The specific Army unit that purchased Clearview is the 502nd Military Police Battalion Criminal Intelligence Section, stationed at the Fort Campbell military base, which is on the border between Clarksville, Tennessee, and Hopkinsville, Kentucky. One Gainesville, Florida, police officer advised another officer to keep Clearview use out of official police case reports, as reported by BuzzFeed News. "If they're arrested and prosecuted, are they learning that Clearview's technology was used to identify them?"

"To the extent that this federal agency is using Clearview and then making referrals to state and local law-enforcement agencies for arrests and prosecutions, that also raises serious questions about what those defendants are told," Wessler said. Nate Wessler - a staff attorney for the Speech, Privacy, and Technology Project at the ACLU, which is suing Clearview AI for violating the Illinois Biometric Information Privacy Act - told Insider that he's concerned about the Army's Clearview use flying under the radar. Although the discount lasts five years, the contract has to be renewed each year, and this one is set to expire next month. The Army paid for 15 Clearview licenses in total.

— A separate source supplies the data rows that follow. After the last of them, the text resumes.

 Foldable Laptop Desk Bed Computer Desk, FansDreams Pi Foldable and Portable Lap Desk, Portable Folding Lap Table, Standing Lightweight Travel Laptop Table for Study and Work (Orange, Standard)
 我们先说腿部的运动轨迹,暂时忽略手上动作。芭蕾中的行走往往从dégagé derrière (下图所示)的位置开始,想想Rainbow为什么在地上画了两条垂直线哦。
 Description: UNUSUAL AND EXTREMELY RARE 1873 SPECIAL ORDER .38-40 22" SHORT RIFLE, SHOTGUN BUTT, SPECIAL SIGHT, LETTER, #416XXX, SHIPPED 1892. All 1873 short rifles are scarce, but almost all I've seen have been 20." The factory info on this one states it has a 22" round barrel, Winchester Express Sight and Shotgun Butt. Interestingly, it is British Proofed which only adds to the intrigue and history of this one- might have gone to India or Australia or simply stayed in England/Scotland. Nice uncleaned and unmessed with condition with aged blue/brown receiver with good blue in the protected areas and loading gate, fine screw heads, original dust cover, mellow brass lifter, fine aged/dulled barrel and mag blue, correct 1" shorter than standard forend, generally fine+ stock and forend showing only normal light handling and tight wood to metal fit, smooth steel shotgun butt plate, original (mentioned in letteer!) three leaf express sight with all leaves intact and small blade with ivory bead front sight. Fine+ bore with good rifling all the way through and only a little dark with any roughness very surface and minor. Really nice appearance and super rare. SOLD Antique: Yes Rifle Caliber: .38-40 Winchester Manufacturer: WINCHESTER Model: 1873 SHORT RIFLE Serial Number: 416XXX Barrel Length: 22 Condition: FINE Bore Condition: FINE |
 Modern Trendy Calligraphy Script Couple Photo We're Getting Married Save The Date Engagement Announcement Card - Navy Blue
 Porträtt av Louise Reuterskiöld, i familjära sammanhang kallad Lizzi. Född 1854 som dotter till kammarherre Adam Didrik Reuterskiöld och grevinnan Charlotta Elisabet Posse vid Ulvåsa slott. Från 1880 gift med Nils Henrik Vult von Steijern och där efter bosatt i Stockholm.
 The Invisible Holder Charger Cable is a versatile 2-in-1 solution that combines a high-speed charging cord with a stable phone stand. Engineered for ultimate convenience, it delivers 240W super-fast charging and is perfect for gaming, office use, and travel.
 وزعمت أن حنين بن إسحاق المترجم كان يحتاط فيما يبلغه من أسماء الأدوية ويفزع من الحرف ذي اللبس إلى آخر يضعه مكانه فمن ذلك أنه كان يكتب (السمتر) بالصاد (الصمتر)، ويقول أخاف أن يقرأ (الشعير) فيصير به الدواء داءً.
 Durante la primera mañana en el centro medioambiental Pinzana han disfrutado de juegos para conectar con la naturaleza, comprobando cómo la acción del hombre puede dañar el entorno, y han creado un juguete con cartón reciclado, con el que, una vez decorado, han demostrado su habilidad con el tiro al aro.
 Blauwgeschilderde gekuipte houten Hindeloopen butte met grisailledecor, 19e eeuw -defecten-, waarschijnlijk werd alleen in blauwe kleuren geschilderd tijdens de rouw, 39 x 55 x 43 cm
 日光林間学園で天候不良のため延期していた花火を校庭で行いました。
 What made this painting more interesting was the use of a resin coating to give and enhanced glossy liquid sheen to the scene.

#CLEARVIEW SOCIAL LICENSE#
The contract, signed in September 2020, shows that the Army gets a discounted rate of Clearview's services for five years at $15,000 - meaning it can pay $1,000 per license that normally costs $2,000. Organizations like the American Civil Liberties Union and Mijente have filed lawsuits against Clearview, accusing it of violating Illinois and California state law by downloading people's photos and putting them in its database. The company has been publicly accused by Google, Facebook, Twitter, LinkedIn, and other social-media companies of violating their terms of services by scraping images and videos.
#CLEARVIEW SOCIAL SERIES#
In July, Clearview raised $30 million in a Series B funding round the investors were not identified in the funding announcement.
#CLEARVIEW SOCIAL FREE#
It claims to have scraped 3 billion photos from the internet and has given free trials of its service to thousands of police officers, and previously to private companies like Macy's and the NBA. The documents detail how Clearview AI, which uses billions of images downloaded from social media to identify people using facial recognition, is capable of wooing high-level customers within the US government, including the US Defense Department.Ĭlearview is a facial-recognition company with one main function: taking a searched face and matching it to other faces using pictures from sites like Twitter, Instagram, Facebook, YouTube, and LinkedIn. The contract, obtained with other documents by Insider via public-records request, shows the US military awarding a discounted contract for Clearview to work with the Army's Criminal Investigation Command, which investigates serious crimes that could involve active service members or civilian workers for the Army. The US Army has a contract with Clearview AI, according to documents that reveal the controversial facial-recognition startup making bold claims to the military about capabilities such as "criminal network discovery" and "force protection and area security." The Army's CID, which investigates felony offenses, signed the contract after a free-trial period.The controversial facial-recognition company gave the Army a discount price of $1,000 per license.Clearview AI signed a contract with the Army's CID unit, according to documents Insider obtained.